--- Available data Enclosed Below ---

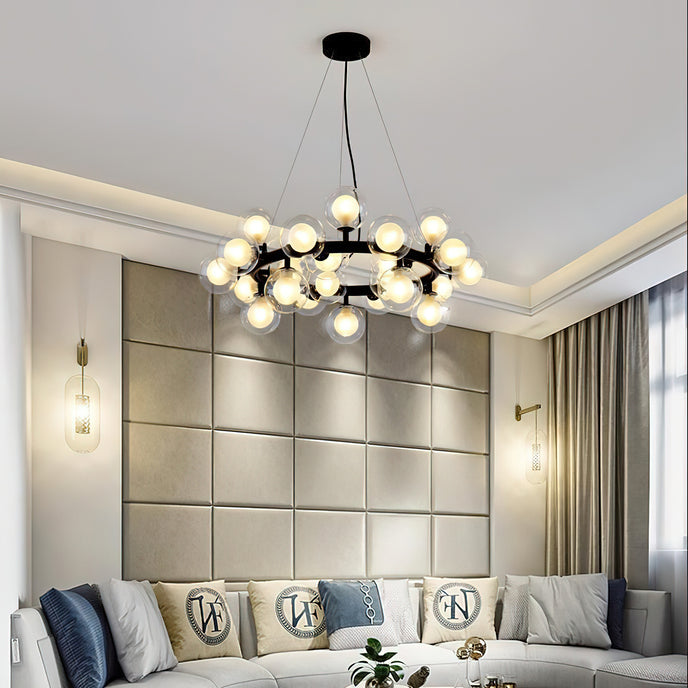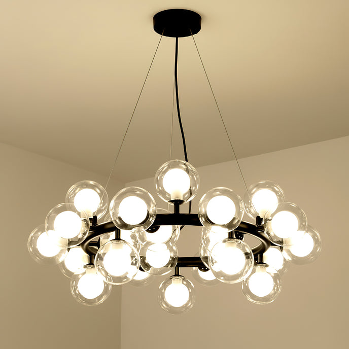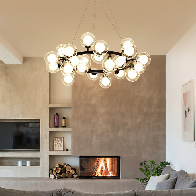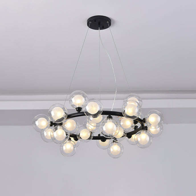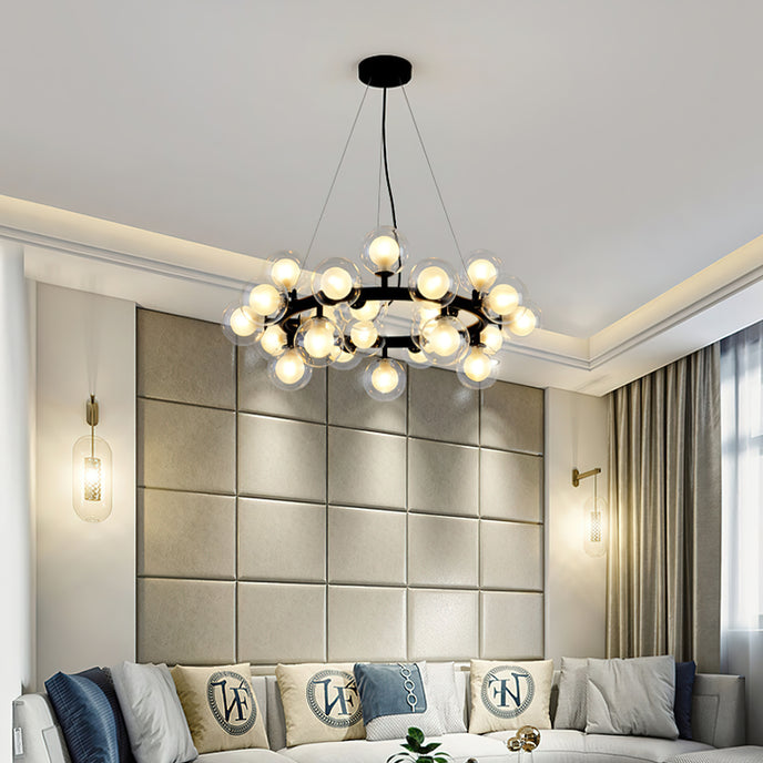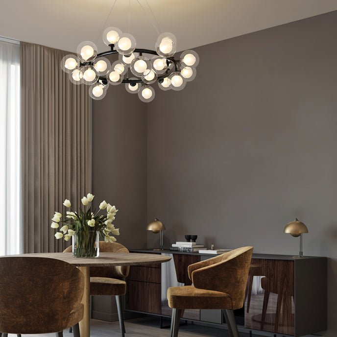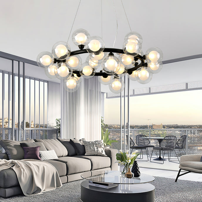 تخلق كرة الثريا الفقاعية هذه عرضًا مرئيًا مذهلاً بفضل بنيتها الفاخرة من الحديد والزجاج وشخصيتها الإبداعية. تضمن لوحة السقف عالية الجودة متانة طويلة الأمد، بينما يوفر عاكس الضوء الزجاجي مزدوج الطبقة ضوءًا ناعمًا مع نفاذية ممتازة. استمتع بتجربة الأناقة والذوق الرفيع في تصميم قطعة الإضاءة الفريدة والحصرية هذه.
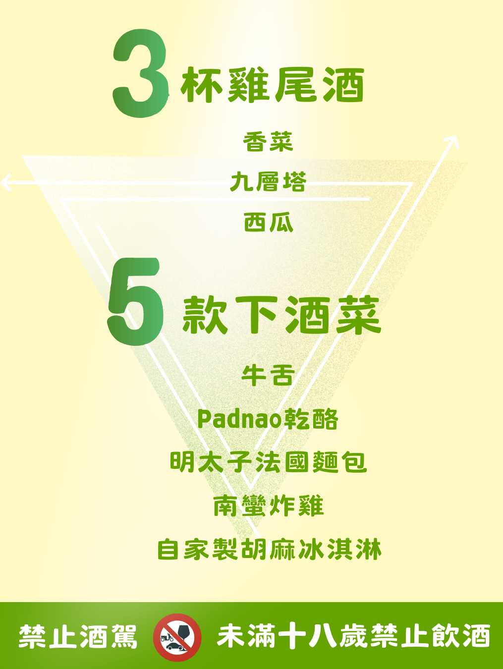 3杯調酒 搭配 5款料理,並由調酒師Ben介紹酒款與解說風味搭配概念。
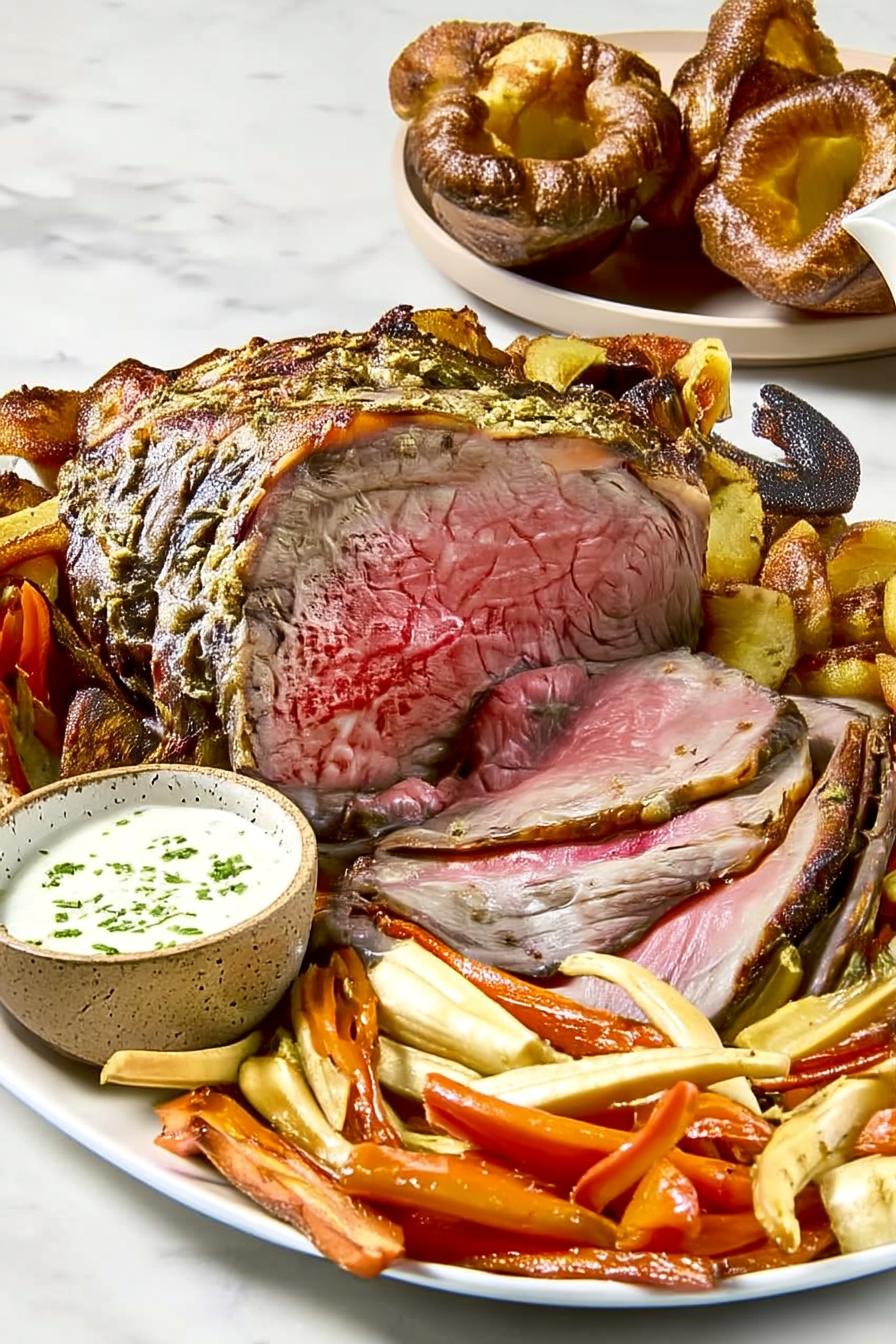 A classic English Sunday Roast featuring a herb-crusted bone-in rib roast with garlic and rosemary for a tender, juicy interior and crackling crust.

--- End of Enclosed Available data ---

Task: Write out verbatim the lines from the one containing "3杯調酒 搭配 5款料理,並由調酒師Ben介紹酒款與解說風味搭配概念。" through the last line of the listing above, and no other lines; omit pictures.

Answer area:
 3杯調酒 搭配 5款料理,並由調酒師Ben介紹酒款與解說風味搭配概念。
 A classic English Sunday Roast featuring a herb-crusted bone-in rib roast with garlic and rosemary for a tender, juicy interior and crackling crust.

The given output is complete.